2. Der 2.Vers: „Werdet ihr nun meiner Stimme gehorchen und meinen Bund halten, so sollt ihr mein Eigentum sein vor allen Völkern; denn die ganze Erde ist mein.“
(Video-einlage: 3. Ingrid (1,16min), 4. Astrid (1,36min))
(Ingrid hat eine Tonaufnahme geschickt und 3 Photos die dazu benutzt werden können)
Der Israelsonntag bietet die Gelegenheit gemeinsam mit dem Volk Israel an Gottes verlässliche Zusage, dass sie sein Eigentum sind, zu denken, sie zu feiern und dankbar darüber zu sein, denn in ihr liegt die Wurzel seiner bedingungslosen Zusage auch für uns, für die Christenheit. Wir leben in einer Gemeinschaft miteinander und es liegt an jedem von uns unsere Einstellung dazu zu betrachten und falls nötig auch zu ändern. Es besteht leider immer noch Uneinigkeit, Neid oder Hass zwischen Völkern oder Bevölkerungsgruppen, sei es in Israel, in Deutschland, in Südafrika oder sonstwo in der Welt. Gottes Zusage versichert uns, dass er alle seine Völker liebt, und das er mit uns geht, auch in diesen schweren Zeiten. Und gerade deshalb, gerade wegen seiner bedingunslosen Liebe, sind wir beauftragt, Gottes Wort zu halten und ihm gehorsam sein, damit wir unserem Nächsten Gottes Gnade, Vergebung und Liebe entgegenbringen können und sie für sein Königreich gewinnen können.
3. Und zum Schluss der 3.Vers „Und ihr sollt mir ein Königreich von Priestern und ein heiliges Volk sein.“
(Videoeinlange 5. Renate (1,17min), 6. Marit (1,25min))
Alle Völker der Erde sollen erfahren, was dem Volk Israels damals zugesagt wurde: Gott hatte seine Macht und Fürsorge gezeigt und dem Volk offenbart, dass auch sie allen Völkern seine Macht, Güte und Liebe bezeugen konnten.

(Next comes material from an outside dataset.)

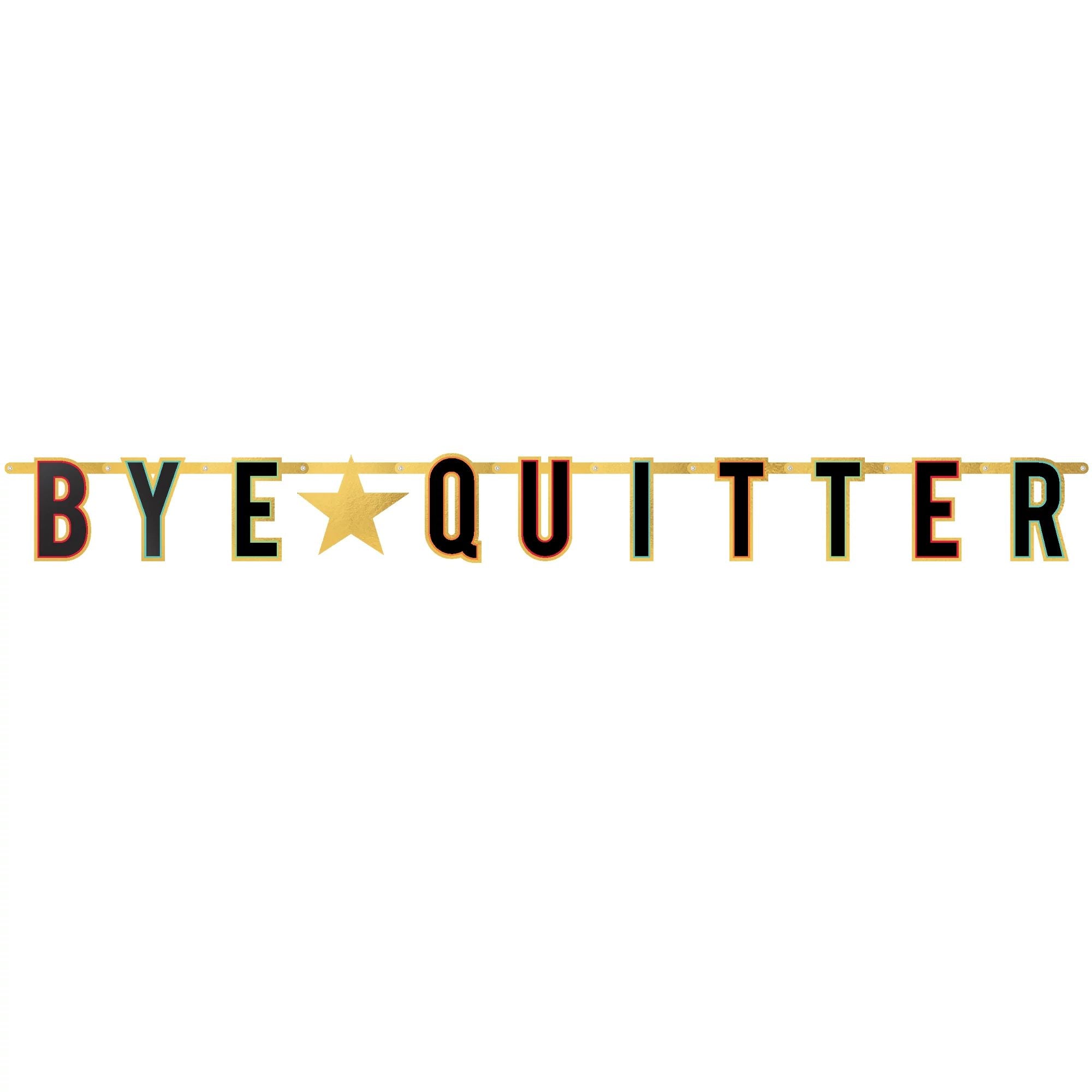 Celebrate the end of an era with this cheeky "Bye Quitter" letter banner! Measuring 6.5" high and stretching 68.5" long, this playful decoration is perfect for retirement parties, going-away celebrations, or anyone ready to close the chapter on their work life. The bold lettering makes a humorous statement that'll get laughs from guests. Hang it across a wall, doorway, or party space for maximum impact. A fun way to toast to new adventures ahead!

Wie leicht vergessen wir in Zeiten wenn es uns gut geht den Auftrag Jesu „Machet zu Jüngern alle Völker“. Wie leicht beten wir nur dann, wenn wir in Not sind. Wie leicht packen wir Gott in die Kirchenwände am Sonntag aber sonst kommt sein Name in unserem Vokabular nicht vor. Wäre es nicht gut, wenn wir diese Krisenzeiten dazu nutzen täglich mit Gott ins Gespräch zu kommen und sein Wort in die Welt zu tragen. Nur so können wir die Krisen bewältigen. Nur so können wir einen Neuanfang machen und nur so können wir Frieden schließen unter den Völkern, unter den Nachbarn und in der Familie.

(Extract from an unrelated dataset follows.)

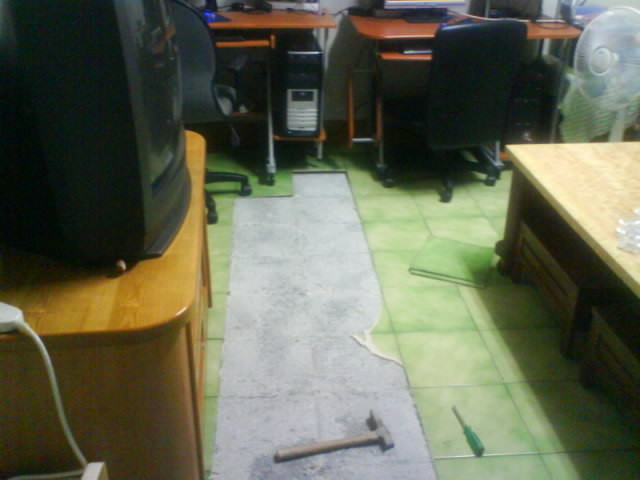 房屋修繕/貼上地磚 ~ 現(xiàn)在地坪施工法大部分都是用半干濕水泥沙下去刮平,以前的工法是用濕底的.它們的差別在于:濕底的只在表面上灑上水泥粉在上面沾磁磚,因黏度不夠容易造成膨鼓, 半干濕底的是抹上一層海菜水泥膏或粘度更佳的磁磚專用粘著劑失敗的概率較低.
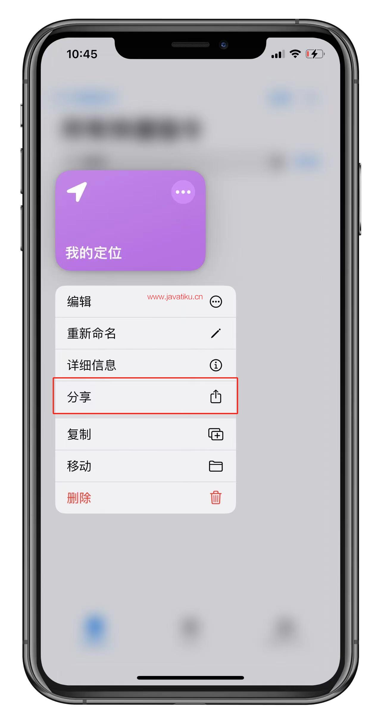 - 长按快捷指令:打开快捷指令,找到"我的定位"快捷指令,并长按快捷指令。

Im Mittelpunkt von allem, was in diesem Text gesagt wurde, ist der HERR. Jahwe. Der da ist, der bei uns ist. Von ihm ging damals in der Wüste die klare Zielsetzung hervor. Wir als Erben dieser Zielsetzung haben den Auftrag, bewusst an seinem Königreich zu arbeiten. Wir tragen Verantwortung für die Welt. Damit wir auch hier schon spüren, dass Gottes Reich und damit Frieden Wirklichkeit wird.

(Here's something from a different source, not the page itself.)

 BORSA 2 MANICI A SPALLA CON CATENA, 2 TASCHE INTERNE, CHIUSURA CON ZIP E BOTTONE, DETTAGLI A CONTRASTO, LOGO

Auch Anne Frank wünschte sich die heile Welt. Am 6 Juli 1944 schrieb sie in ihr Tagebuch:
„Wie schön und gut würden alle Menschen sein, wenn sie sich jeden Abend vor dem Einschlafen die Ereignisse des ganzen Tages vor Augen führten und überlegten, was gut und was schlecht gewesen ist.“
Denn wenn das geschieht, kann man daraus auch Konsequenzen für den morgigen Tag ziehen und versuchen, besser zu machen, was mir heute noch nicht gelungen ist.
Amen
Und der Friede Gottes, der alle Vernunft übersteigt, bewahre eure Herzen und Sinne in Christus Jesus, Amen.